**Your task**
Below this line is a listing that includes pictures. Copy exactly, and only, the lines from the one containing "Москва. 17 июля." through the one containing "- Hochwertige Verarbeitung: Gefertigt"; the pictures do not go in the copy.

**Given records**
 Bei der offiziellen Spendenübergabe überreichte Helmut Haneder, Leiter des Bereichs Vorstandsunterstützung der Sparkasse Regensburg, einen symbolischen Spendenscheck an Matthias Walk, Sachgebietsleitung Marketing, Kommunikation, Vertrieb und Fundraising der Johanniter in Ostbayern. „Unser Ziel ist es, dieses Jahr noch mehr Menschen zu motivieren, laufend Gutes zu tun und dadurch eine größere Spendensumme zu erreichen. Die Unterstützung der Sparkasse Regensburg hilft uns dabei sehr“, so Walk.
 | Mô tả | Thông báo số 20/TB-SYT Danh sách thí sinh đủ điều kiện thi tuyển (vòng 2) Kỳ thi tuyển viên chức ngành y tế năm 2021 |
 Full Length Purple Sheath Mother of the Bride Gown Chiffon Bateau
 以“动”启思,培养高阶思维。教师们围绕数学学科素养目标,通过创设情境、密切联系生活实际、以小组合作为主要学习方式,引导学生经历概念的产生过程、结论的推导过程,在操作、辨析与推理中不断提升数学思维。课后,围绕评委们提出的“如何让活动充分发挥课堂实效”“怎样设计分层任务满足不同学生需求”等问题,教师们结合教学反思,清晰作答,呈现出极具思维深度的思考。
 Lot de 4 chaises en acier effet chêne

...

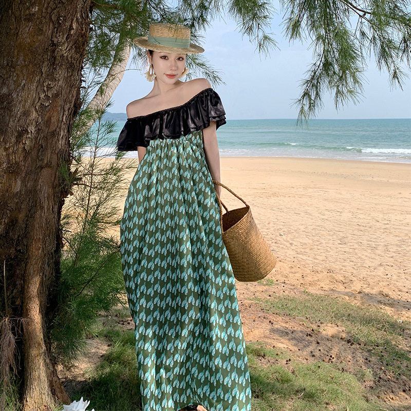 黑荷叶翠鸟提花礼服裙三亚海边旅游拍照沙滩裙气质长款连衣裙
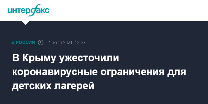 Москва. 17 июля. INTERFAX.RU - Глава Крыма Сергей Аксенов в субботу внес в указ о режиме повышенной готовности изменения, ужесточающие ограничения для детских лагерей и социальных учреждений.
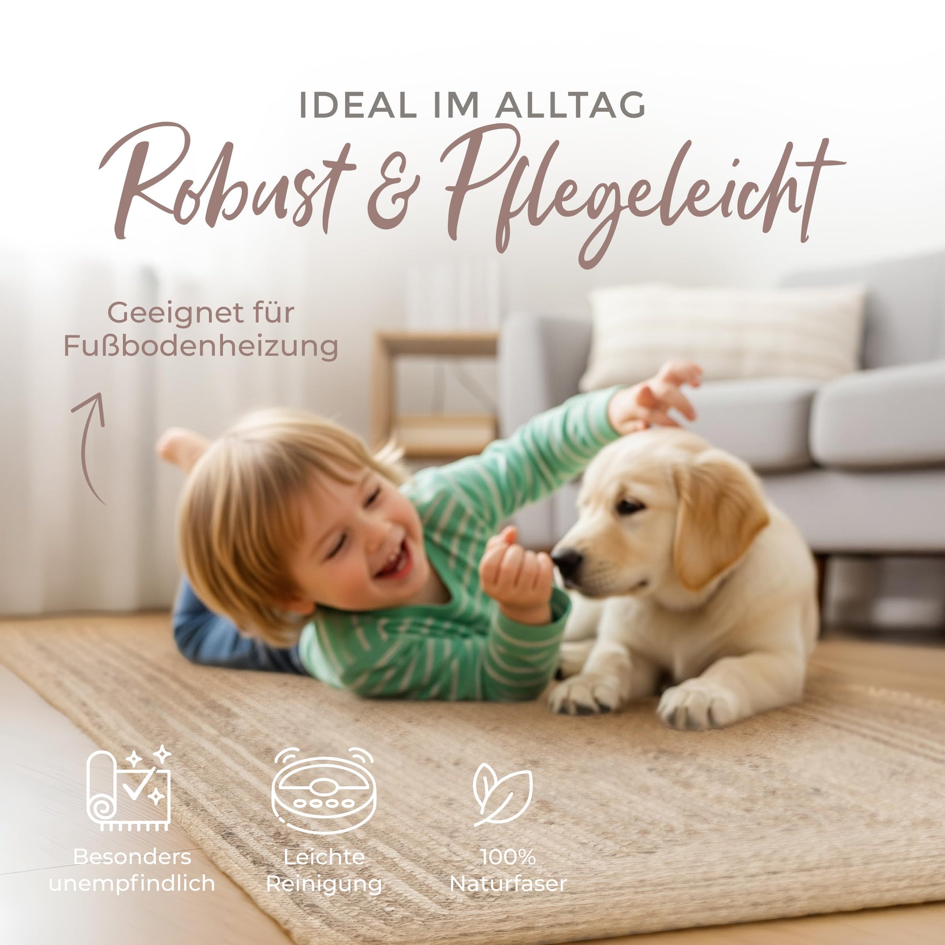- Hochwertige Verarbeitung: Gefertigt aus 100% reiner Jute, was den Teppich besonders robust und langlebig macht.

---

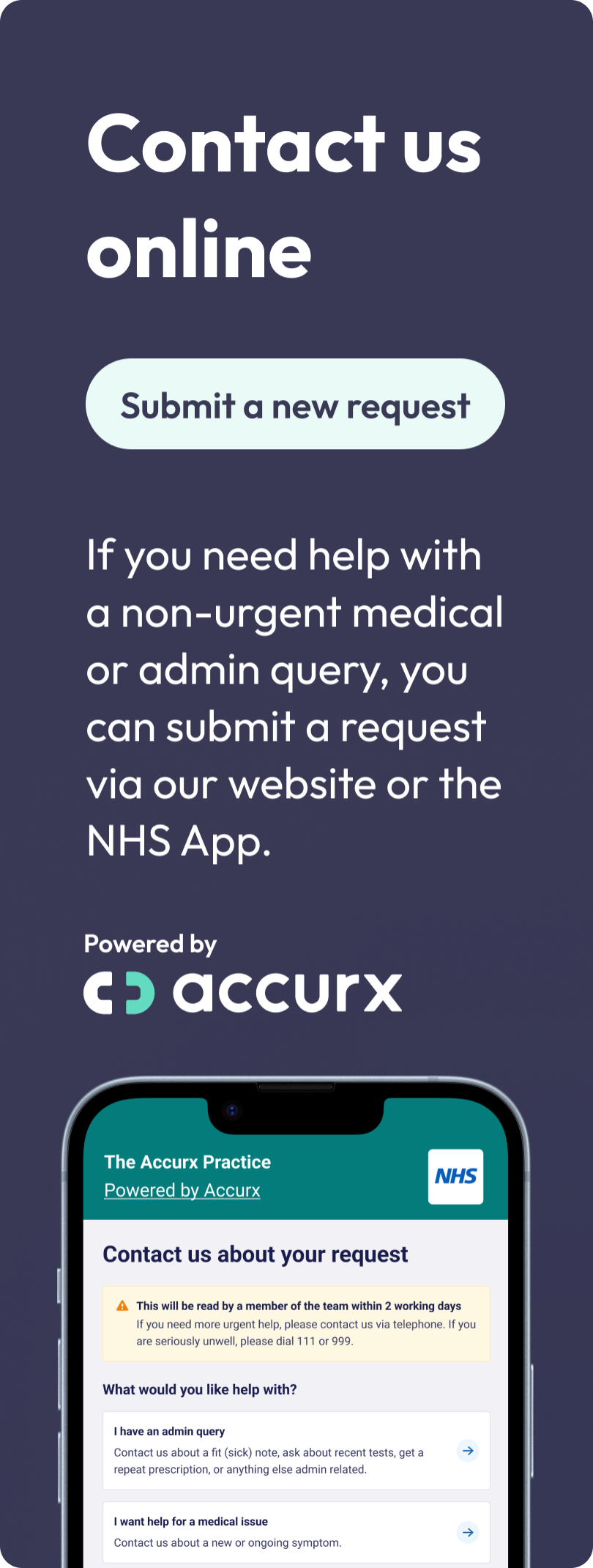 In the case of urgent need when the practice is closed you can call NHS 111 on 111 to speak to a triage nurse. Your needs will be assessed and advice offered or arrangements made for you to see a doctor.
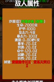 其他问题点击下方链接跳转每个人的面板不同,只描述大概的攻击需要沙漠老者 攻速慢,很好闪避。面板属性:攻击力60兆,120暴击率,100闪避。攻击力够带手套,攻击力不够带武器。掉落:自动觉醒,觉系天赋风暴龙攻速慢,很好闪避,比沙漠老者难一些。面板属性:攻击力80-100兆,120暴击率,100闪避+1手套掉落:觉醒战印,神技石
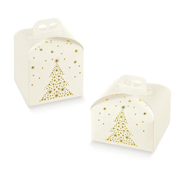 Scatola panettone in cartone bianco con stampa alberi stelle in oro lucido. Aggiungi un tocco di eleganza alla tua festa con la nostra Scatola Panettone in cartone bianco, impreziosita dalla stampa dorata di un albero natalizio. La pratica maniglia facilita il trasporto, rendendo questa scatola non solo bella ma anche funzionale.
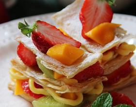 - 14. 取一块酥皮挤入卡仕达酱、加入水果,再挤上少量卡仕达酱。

**Task result**
 Москва. 17 июля. INTERFAX.RU - Глава Крыма Сергей Аксенов в субботу внес в указ о режиме повышенной готовности изменения, ужесточающие ограничения для детских лагерей и социальных учреждений.
- Hochwertige Verarbeitung: Gefertigt aus 100% reiner Jute, was den Teppich besonders robust und langlebig macht.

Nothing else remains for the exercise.